The points $P,$ $Q,$ and $R$ are represented by the complex numbers $z,$ $(1 + i) z,$ and $2 \overline{z},$ respectively, where $|z| = 1.$  When $P,$ $Q$, and $R$ are not collinear, let $S$ be the fourth vertex of the parallelogram $PQSR.$  What is the maximum distance between $S$ and the origin of the complex plane?

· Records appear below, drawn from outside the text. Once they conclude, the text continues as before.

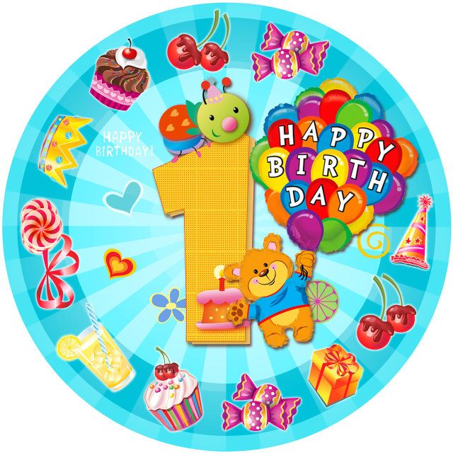 Тарелки бумажные одноразовые детские " Первый год жизни голубая ". 18 см.10 шт.
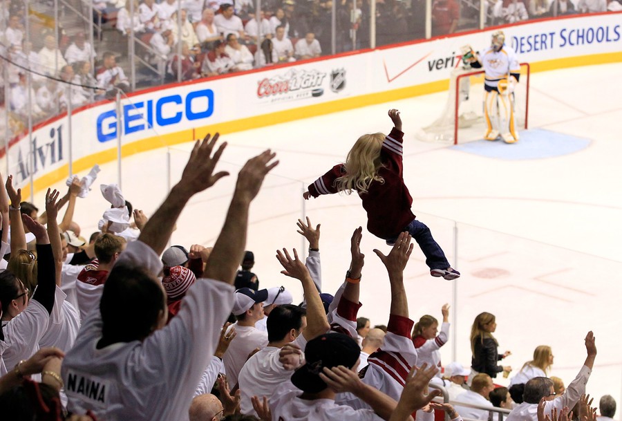 Read moreJustin Badlam (@jmbadlam) requested a photo of the "2012 NHL Stanley Cup playoffs." A young Phoenix Coyotes fan is tossed in the air as fans around her cheer on their team as Nashville Predators goalie Pekka Rinne, of Finland, stands in front of the goal during the third period of Game 1 in an NHL hockey Stanley Cup Western Conference semifinal playoff series, Friday, April 27, 2012, in Glendale, Arizona. The Coyotes won 4-3 in overtime. #
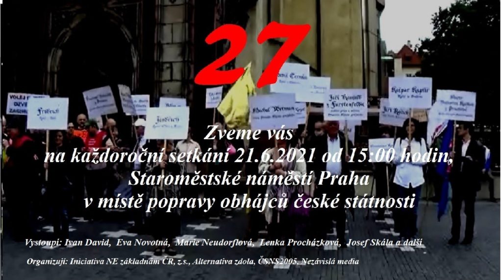 Shromáždění, na kterém si 21. června připomeneme tento významný pamětní den i jeho historické důsledky, začíná na Staroměstském náměstí v 15 hodin. S projevy vystoupí europoslanec Ivan David, historik a politik Josef Skála, spisovatelka Lenka Procházková, historička Marie Neudorflová, duchovní Československé církve husitské Hana Tonzarová a další. Zveme občany k účasti.
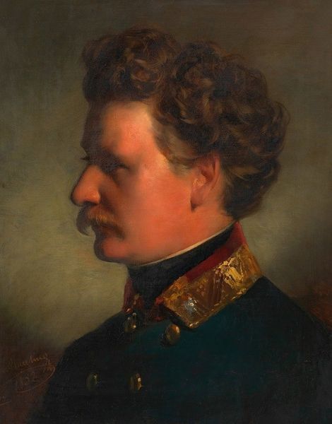 Curator: Here we have Hans Canon’s “Karl Ludwig Freiherr von Schönermark,” painted around 1865. Editor: What strikes me immediately is the crispness of the white uniform against that shadowy background; it gives such weight and presence to the figure. You really see the weave and texture. Curator: Absolutely. And it’s worth considering the significance of these formal portraits during the 19th century. Beyond mere likeness, these images project power and legitimize hierarchies of gender, race, and class, wouldn't you say? The sitter's very pose is meant to convey authority. Editor: Precisely! Canon is using the classic vocabulary of power; those glimmering buttons, that intricate gold braid, the carefully arranged medals—they speak to the meticulousness of creating the impression of wealth and control. I wonder about the cost of the materials here and the workshops where they were manufactured? Curator: Well, the choice to depict Freiherr von Schönermark with these signifiers of nobility says volumes. But consider what those medals signify, what political actions and alliances might they represent? Who did Canon expect would be viewing this portrait and what messages were encoded for them? Editor: And also, think about the canvas, the paints themselves, how the very materials contributed to reinforcing the subject's importance. The weight of the frame is part of it all. What type of workshops fabricated the canvases he would have been working on? Curator: Yes! Canon uses those readily available materials to perpetuate the very ideologies that give meaning to the aristocracy’s visual presentation. We’re seeing how systems of belief get physically rendered in oil on canvas. It's interesting how artists like Canon play a vital role in maintaining these visual tropes. Editor: Thinking about process here, do you consider the impact of mass production on how uniforms and these symbols of wealth and class were made? Canon may have been elevating the Baron, but what does his painting tells us about a burgeoning industrialized economy propping up an older regime? Curator: I find myself pondering Canon’s role, almost as an illustrator. By depicting Freiherr von Schönermark, he reinforces this idealized, romanticized view of aristocracy, while, simultaneously maybe undermining traditional aristocratic visual language with readily available industrial methods. Editor: Ultimately, the image prompts us to question how authority and prestige are constructed. Curator: Agreed, and whose stories get told and retold through art history, solidifying certain power structures, intentionally or not.
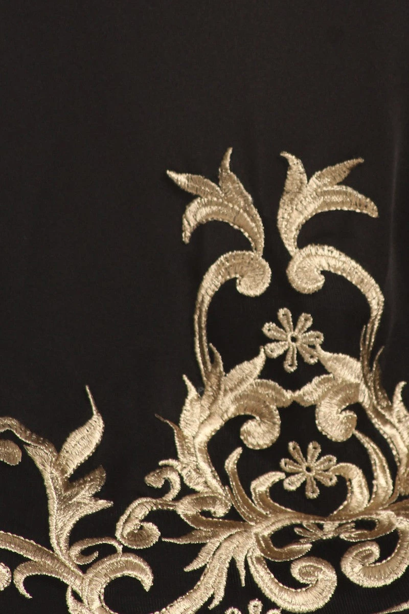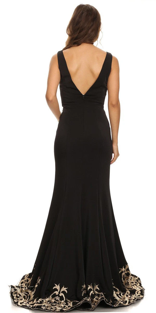 Shine and stand out in this gorgeous long evening gown. This floor length stretch satin A-line dress has wide straps with a V-neckline and features a low back and embroidered design at the bottom hem.

Explanation: Let $w$ be the complex number corresponding to the point $S.$  Since $PQSR$ is a parallelogram,
\[w = (1 + i) z + 2 \overline{z} - z,\]so $w = 2 \overline{z} + iz.$  Then $\overline{w} = 2z - i \overline{z},$ so
\begin{align*}
|w|^2 &= w \overline{w} \\
&= (2 \overline{z} + iz)(2z - i \overline{z}) \\
&= 4 z \overline{z} + 2iz^2 - 2i \overline{z}^2 + z \overline{z} \\
&= 5|z|^2 + 2i (z^2 - \overline{z}^2) \\
&= 2i (z^2 - \overline{z}^2) + 5.
\end{align*}Let $z = x + yi,$ where $x$ and $y$ are real numbers.  Since $|z| = 1,$ $x^2 + y^2 = 1.$  Also,
\begin{align*}
2i (z^2 - \overline{z}^2) &= 2i ((x + yi)^2 - (x - yi)^2) \\
&= 2i (4ixy) \\
&= -8xy,
\end{align*}so $|w|^2 = 5 - 8xy.$

By the Trivial Inequality, $(x + y)^2 \ge 0.$  Then $x^2 + 2xy + y^2 \ge 0,$ so $2xy + 1 \ge 0.$  Hence, $-8xy \le 4,$ so
\[|w|^2 = 5 - 8xy \le 9,\]which implies $|w| \le 3.$

Equality occurs when $z = -\frac{1}{\sqrt{2}} + \frac{i}{\sqrt{2}},$ so the maximum distance between $S$ and the origin is $\boxed{3}.$